4. I then heard briefly from the first claimant who said she believed that she was entitled to succeed in her appeal given the fact that the best interests of her daughter were to remain in the UK with her mother.
5. I reserved my decision.
6. I have no hesitation in concluding that the FtT judge erred in law in paragraphs 20 and 21. The claimants had not expressed a fear of the second claimant being at risk of FGM on return and the judge's decision did not establish a sufficient factual matrix to justify a finding that she would face such a risk objectively. Despite accepting that the previous Tribunal had made adverse findings on the claimant's previous asylum appeal, the judge was prepared to accept that at the time the first claimant had been the subject of an abusive relationship. Why that finding should extend to acceptance that the first claimant's family were FGM-practising Christians or that the first claimant had been subject to FGM, is wholly unclear. The judge not only accepted that he may be seen in paragraphs 20, 21 to have gone on "a frolic of my own", his "frolic" had no rational basis.

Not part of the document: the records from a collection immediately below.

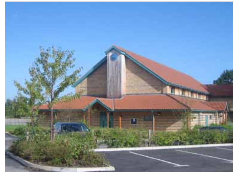
Fig L Village Hall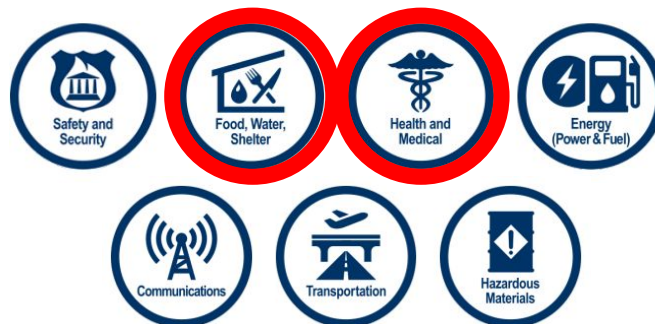
Figure 1. The FEMA Community Lifelines associated with the City of Largo Wastewater Treatment Facility.

For the City of Largo, the Decision Support Template proved useful for evaluating solar and storage at individual buildings within the WWTF complex. However, structures such as processing tanks, which many not have roofs, will need further analysis to determine the structural support needed for PV systems and equipment.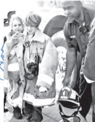
A perfect fit!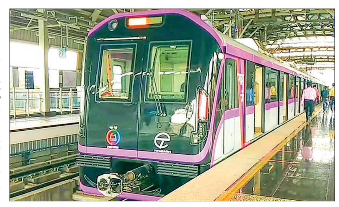
The project is scheduled for completion within four years.

This strategic proposal is a logical extension of the existing Corridor-2 and aligns with the Comprehensive Mobility Plan (CMP), which envisions a continuous Chandani Chowk to Wagholi Metro corridor to strengthen East-West mass transit in Pune.

7. I would add that the judge's decision is flawed for another reason which potentially could have affected the outcome of the appeal, had the judge not allowed it on the basis of risk of FGM. The second claimant was a child who had resided in the UK for over seven years and hence the judge was required to consider whether pursuant to MA (Pakistan) there were strong or powerful reasons to expect the second claimant to depart the UK. Not only had the judge failed to undertake such a consideration but he also failed to make any evidence-based findings in respect of the precise circumstances the two claimants would face if returned to Nigeria.
8. In light of these failings I conclude that the case should be remitted to the FtT so that factual findings can be made on the claimants' likely circumstances on return to Nigeria. It will be open to the claimants to produce further evidence. If (since the issue has now been raised) the first claimant wishes to rely on risk to her daughter of FGM she should submit a further witness statement detailing why such a risk is said to exist and why it would not be avoidable.
9. Whilst the next FtT judge may well decide (like Judge Frankish) to accept that the first claimant has been in an abusive relationship it would still be necessary to consider whether previous adverse findings made on her credibility should continue to apply against her when assessing her claim about family circumstances in Nigeria.
10. For the above reasons:
The decision of the FtT judge is set aside for material error of law.
The case is remitted to be heard by the FtT (not before Judge Frankish).
Direction Regarding Anonymity - Rule 14 of the Tribunal Procedure (Upper Tribunal) Rules 2008
Unless and until a Tribunal or court directs otherwise, the second appellant is granted anonymity. No report of these proceedings shall directly or indirectly identify her or any member of their family. This direction applies both to the appellants and to the respondent. Failure to comply with this direction could lead to contempt of court proceedings.